# work they do(,) which is influenced by



## Baltic Sea

Dobry wieczór wszystkim!


Następnie został poruszony (przez pracę) temat satysfakcji i efektywności pracowników w związku z *wykonywaną przez nich pracą, na którą wpływ mają*: wynagrodzenie, awans, styl kierowania, relacje ze współpracownikami i system zarządzania.


Next, the thesis brought up the subject of satisfaction and efficiency of employees in connection with the *work they do(,) which is influenced by* salary, promotion, way of management, relations with co-workers and management system.

Chciałbym się spytać czy dobrze jest wyrażona po angielsku część wytłuszczona. Źródło: Prośba znajomej. Po polsku napisałem przez pracę w nawiasach bo właśnie o niej jest mowa od początku do końca.


----------



## LilianaB

The next thing the paper (thesis) discusses is the subject of work satisfaction and efficiency of the employees which are based on such factors as: salary, promotion, management styles, relationships among co-workers and management.


----------



## Baltic Sea

Thank you. Do you find my version indigestible?


----------



## LilianaB

I am not sure, my version is very close to what you wrote. The sentence is very _heavy_ in Polish. The last part of your sentence cannot be phrased the way you wrote it in English, so I slightly changed it.


----------



## NotNow

Baltic Sea said:


> Thank you. Do you find my version indigestible?

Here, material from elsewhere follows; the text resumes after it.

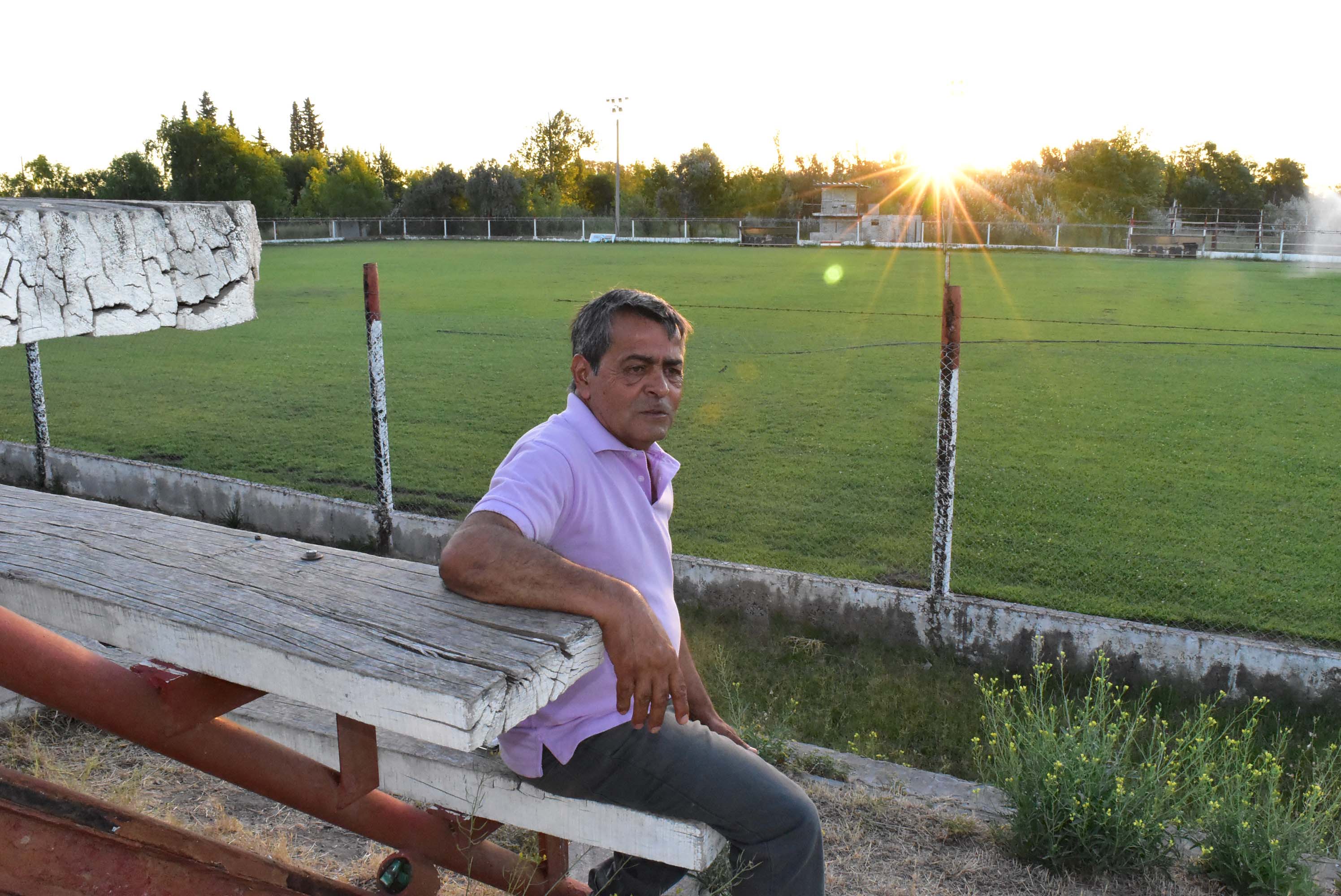 Dice que pasa más de 12 horas diarias dentro de las instalaciones, haciendo trabajos de mejoras, cortando y manteniendo el césped de la cancha, ocupándose de lo que sucede con los distintos grupos de trabajo. Además de estar pendiente de las necesidades que arrastra cada uno de los que se suman a defender los colores del club en cada partido.

Your translation is fine.  However, _way of management_ should be _style of management_.


----------



## Baltic Sea

Thank you both very much. What about the comma? Should it be there or not?


----------



## dreamlike

You would do well to stick to it.


----------



## LilianaB

_Satisfaction and efficiency of employees in connection with the work they do_? I am not sure if this sounds OK. You better post it in the English Only forum, just to be 100% sure. It does not sound right to me. The last part of the sentence does not sound right either to me.


----------